Humans as transformers

So far, all of this sounds really automated. Programs pass around messages, sometimes over networks, and perform transformations. Humans might create inputs or deal with the outputs, but we’re pretty cut out of the conversation.

Humans, however, are extremely versatile if unpredictable transformers. We don’t just create information. We can edit, modify, and check it for sanity. While we may not want to see every step of every transformation – that’s why we write programs after all – there may be cases we do want to see. Error handling is a classic case even in highly automated systems, but flow-based approaches also mesh neatly with human workflows.

Most of the work I’ve seen in this space was built explicitly around human workflows. People create or edit something, put it into a system, and the system then modifies it and maybe passes it to another person or process.

However, even systems built with the assumption that they are primarily computing pipelines can incorporate human input. I was heartened to see Norm Walsh, for example, add a wait for (possibly human) update feature to the XML Calabash XProc tool in response to a request. (I suggested the same thing the next day, after it was already in!)

I’m also intrigued by the growing prominence of Git. While most people use Git as a source code management tool, its foundation is an extremely flexible toolset for recording transformations over time.
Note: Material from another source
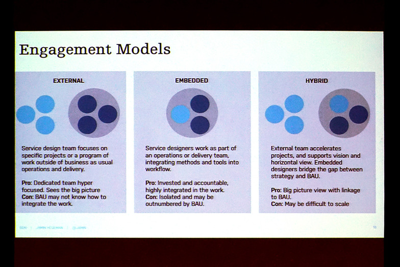 Integrating service design with business operations is no simple task. Jamin outlined an engagement model for service design—external, embedded, and hybrid—summarizing the advantages and disadvantages of each. Naturally, not all agency or in-house service designers can execute large-scale service design initiatives that fully engage the organization and leadership. His model effectively captures the key point of what type of service design to provide.
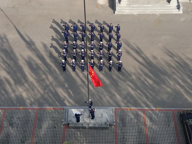 上午8时40分,双台子区消防救援大队全体指战员整齐列队,面向国旗庄严肃立。一双双坚毅的目光注视着鲜红的国旗,一颗颗炽热的心脏在这一刻与祖国紧紧连在了一起。四名国旗护卫队员迈着矫健的步伐将国旗护送至升旗台,在高奏的《中华人民共和国国歌》声中,五星红旗冉冉升起,全体指战员向国旗敬礼。鲜艳的五星红旗迎风招展,映红了每名指战员的脸庞。

Is that something that can be incorporated into flow-based programming models? I’m not yet sure, but I want to explore further.

The dots aren’t connected

My encounter with flow-based programming has me re-examining my assumptions about how to write programs and use computers. Many different aspects of computing seem to be converging toward that model, at many different scales and levels of granularity. It’s too soon to know whether this is a coincidence or a sign of things to come. I suspect, though, that we may finally be on the verge of a saner way to organize programs and programming.

Update: I should also note the Flow Based Programming Google Group for more conversation.